Há recomendações de aplicações
de esterco bovino ou de aves de 3 até 15 litros/m² conforme
a região produtora.
Uma análise com os índices de
fertilidade do solo não é dispendiosa e valerá a pena
ao produtor este investimento, assim como a orientação de
um engenheiro agrônomo ou técnico agrícola, evitando
excessos ou faltas dos nutrientes, comprometendo a produtividade da cultura.
Plantio definitivo das mudas de morango :
Após a preparação do canteiro, faz-se as covas, com espaçamento de 30 a 40 cm, plantando-se desalinhados, na forma chamada de quicôncio, que permite maior número de mudas com melhor espaçamento.
A cova
de plantio da muda deverá ser de tamanho suficiente para conter o sistema
radicular bem espalhado ao redor da planta.
Chega-se terra com as mãos,
apertando de leve, evitando enterrar a muda, deve-se deixar a metade do caule
a descoberto.
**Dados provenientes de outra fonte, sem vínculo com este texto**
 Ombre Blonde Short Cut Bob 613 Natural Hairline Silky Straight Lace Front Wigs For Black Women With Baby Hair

Se o plantio for muito fundo, haverá dificuldade de emissão
de novas folhas e de estolões.
A pós o plantio regar bem, para que a terra fique bem aderida
junto da muda, eliminando bolsões de ar.
Após a rega, aguardar
a percolação da água, preenchendo os desníveis
com mais terra, se necessário.
A melhor época de plantio
de mudas para produção dos frutos é de abril a final
de maio nas regiões produtoras.
Antes desta data ainda há temperaturas
mais elevadas que podem ocasionar perda considerável de plantas.
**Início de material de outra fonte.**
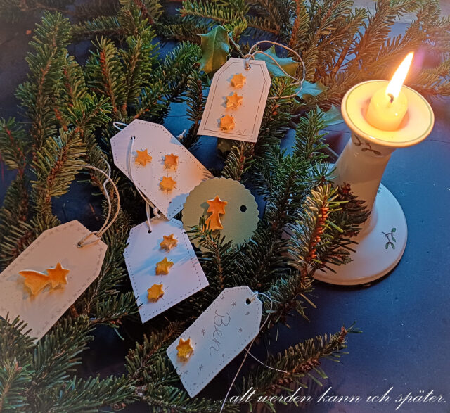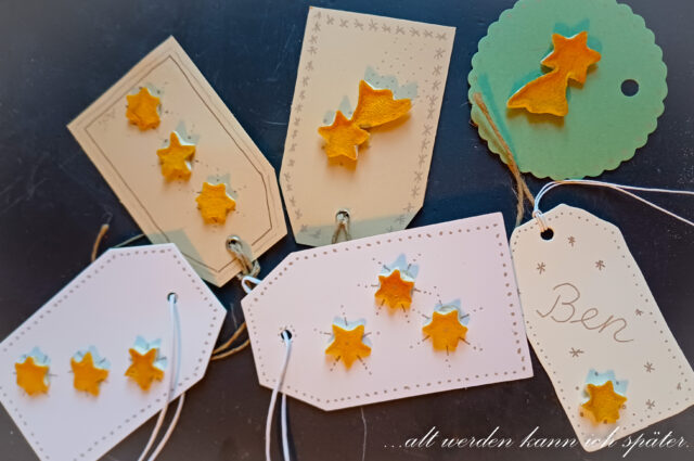 Wenn sie trocken sind, klebe ich sie auf Etiketten. Man kann sie auch auffädeln und als Girlande an einen Tannenzweig hängen.

Cobertura de cultura - cultivo protegido :

A maioria dos cultivadores de morangos usam o cultivo protegido, em geral com túneis feitos de arcos de arame e plástico transparente, protegendo as mudas da intempérie.
É feita a instalação
com espaçamentos entre os arcos de 1,20 a 1,50 m de largura.
Usar
uma estaca para amparar a parte superior dos arcos evitando o tombamento
pela ação dos ventos.
É usado em geral o plástico
com 100 a 150 µ (micras) de espessura.
É estendido sobre estes
arcos e presos nas estacas bem cravadas em ângulo de 45º.
Todos
os dias este plástico é movimentado, elevando-se uns 50 cm,
do lado contrário ao vento, para que o excesso de umidade seja eliminado
e haja maior luminosidade.
À noite o túnel é fechado
e em dias chuvosos também.
O morangueiro não aprecia regas
em demasia e nos túneis o excesso de umidade poderá favorecer
o aparecimento de fungos.
O uso de plásticos pretos de 30 µ sobre a terra do canteiro
propicia uma produção mais limpa dos frutos, além
de controlar melhor os inços.
O plástico também ajuda
na manutenção do calor e evita a compactação
do solo pelo impacto da gota da água de regas.
Outras vantagens:
menor índice de perda de frutos, frutos mais precoces e diminuição
da mão-de-obra.
Como em tudo há o outro lado da moeda, as
desvantagens do uso deste material é seu custo e porque favorece
a incidência de ácaros, por causa do clima mais seco dentro
do túnel.
Materiais alternativos para cobertura:
Caso o agricultor faça a opção de não usar o plástico, poderá lançar mão de outros materiais, como cascas de arroz, trigo e outros cereais, folhas secas, maravalha, palhada seca de culturas, cortadas em pequenos pedaços.
Esta cobertura
deverá estar seca e espalhada em camada grossa, evitando a germinação
de sementes de inços.
As vantagens do uso de cobertura seca é que
os ácaros não são atraídos pelo ambiente
mais úmido e o custo é menor, pois é um material
descartado da lavoura. Sem falar que com a intempérie este material
vegetal será transformado em composto orgânico, servindo,
num futuro, de adubo para as plantas.
A desvantagem fica por conta de que este material será decomposto, é mais úmido e poderá fazer um micro clima onde fungos poderão se desenvolver.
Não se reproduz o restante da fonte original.